Figure 2. Expression profiles of SlGLO1 between WT and SlGLO1-RNAi lines.

The expression data of WT plants were normalized to 1. Each value represents the mean ± SE of three replicates.

Figure 3. Phenotypes of petals in SlGLO1-RNAi lines.

Wild type, (A–C); SlGLO1-RNAi, (D–F). Bars = 300 μm in (B,E), 60 μm in (C,F). (G) is digital photograph, and (B,C,E,F), are scanning electron micrographs. (A) Open wild-type flower. (B,C) Wild-type adaxial petal surface. (D) Flower from SlGLO1-RNAi line. (E,F) SlGLO1-RNAi line adaxial petal surface. (G) Silencing of SlGLO1 results in smaller size petal. (H) Petal length of WT and transgenic lines. Error bars represent the standard error of the mean (n = 10). Asterisks indicate a significant difference (P < 0.05) between WT and transgenic lines.

Figure 4. Phenotypes of stamens in SlGLO1-RNAi lines.

Wild type, (A–D); SlGLO1-RNAi, (E–I). Bars = 60 μm in (C,D,H,I). (A,B,E–G) are digital photographs, and (C,D,H,I), are scanning electron micrographs. (A) Wild-type stamen. (B) Split wild-type stamen. (C) Wild-type adaxial stamen proximal end. (D) Wild-type adaxial stamen distal end. (E) Stamen from SlGLO1-RNAi line. (F) Stamens of SlGLO1-RNAi lines are unclosed. (G) Silencing of SlGLO1 results in carpelloid stamens. (H) SlGLO1-RNAi line adaxial stamen proximal end. (I) SlGLO1-RNAi line adaxial stamen distal end.
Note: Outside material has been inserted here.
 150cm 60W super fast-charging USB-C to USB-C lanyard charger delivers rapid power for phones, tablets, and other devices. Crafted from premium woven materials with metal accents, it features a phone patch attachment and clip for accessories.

Figure 5. Total chlorophyll content of petals and chlorophyll biosynthetic genes expression of wild-type and silenced-SlGLO1 lines.

(A) Total chlorophyll content of petals from wild-type and silenced-SlGLO1 lines. (B–D) respectively represents expression analysis of SlDCL, SlGLK1, SlGLK2 in petals of wild-type and transgenic lines. Each value represents the mean ± SE of three replicates. Asterisks indicate a significant difference (P < 0.05) between WT and transgenic lines.
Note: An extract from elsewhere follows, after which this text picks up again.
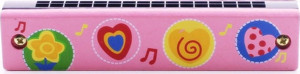 1 Adet Ahşap Mızıka 16 Delikli Çift Sıralı Pembe Desenli Çocuk Mızıka

Figure 6. Total chlorophyll content of stamens and chlorophyll biosynthetic genes expression of wild-type and silenced-SlGLO1 lines.

(A) Total chlorophyll content of stamens from wild-type and silenced-SlGLO1 lines. (B–D) respectively represents expression analysis of SlDCL, SlGLK1, SlGLK2 in stamens of wild-type and transgenic lines. Each value represents the mean ± SE of three replicates. Asterisks indicate a significant difference (P < 0.05) between WT and transgenic lines.
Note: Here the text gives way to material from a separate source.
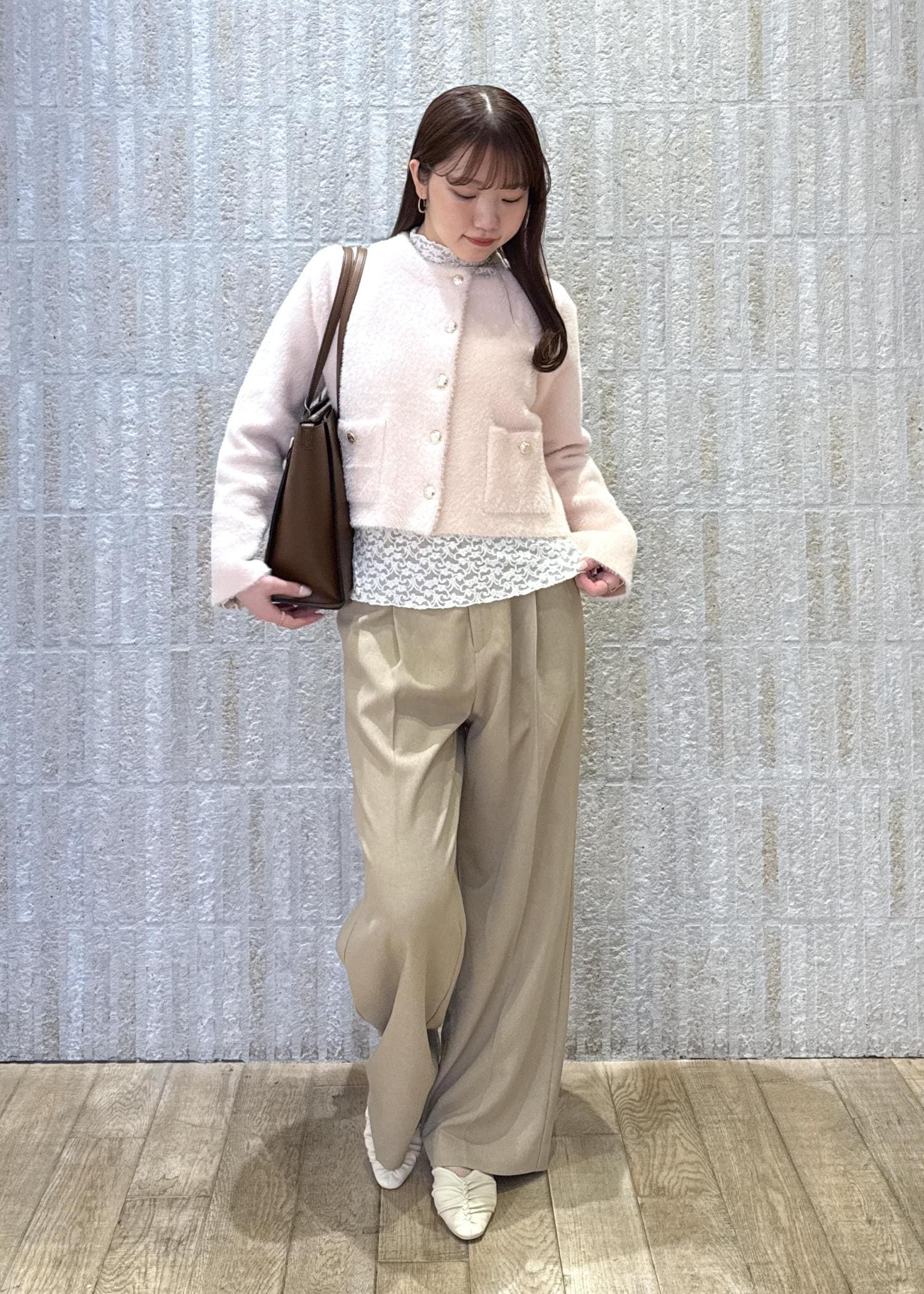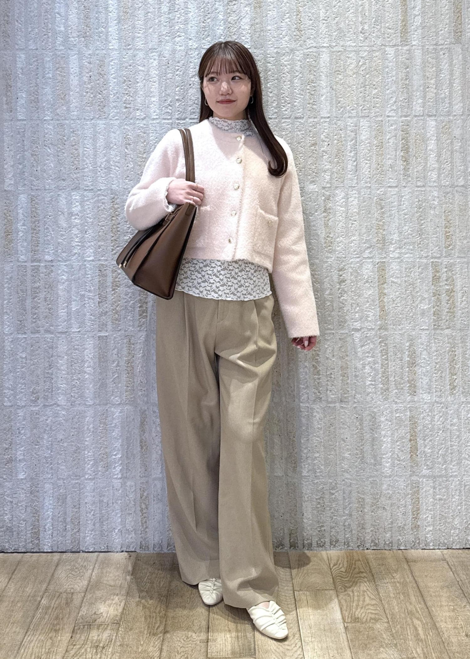 "美ウーリッシュ"のベージュパンツに合わせて、きれいめ華やかコーデ!

Figure 7. Expression Patterns of other floral organ identity genes in wild-type and RNAi Lines.

Se, sepal; Pe, petal; St, stamen; Ca, carpel. (A,B) respectively represents expression analysis of TAP3, TPI, TM6 (B-class genes) in wild-type and transgenic lines. (D–G) respectively represents expression analysis of MC (A-class gene), TAG1(C-class gene), TM5 and TAGL2 (E-class genes) in wild-type and transgenic lines. Each value represents the mean ± SE of three replicates. Asterisks indicate a significant difference (P < 0.05) between WT and transgenic lines.

Figure 8. Fruit phenotype, pollen germination and cross between WT and SlGLO1-RNAi lines.

(A) The SlGLO1-silenced lines are male sterile. (B) Pollen germination of WT and SlGLO1-RNAi lines. Pollen grains are germinated following 5 h culture at 25 °C in vitro containing liquid culture medium with 120 g/L sucrose, 120 mg/L boric acid, 4 mg/L gibberellin and 0.5 mg/L thiamine. Bars = 20 μm. (C) Fruit of the transgenic line produces normally seeds through manual crossing assay.

Figure 9. Expression analysis of tomato pollen-specific genes in the pollen of wild-type and transgenic plants.

(A–E) respectively represents expression of pollen-specific genes SlCRK1, SlPMEI, LePRK3, SlPRALF and LAT52 in pollen of wild-type and transgenic lines. Each value represents the mean ± SE of three replicates. Asterisks indicate a significant difference (P < 0.05) between WT and transgenic lines.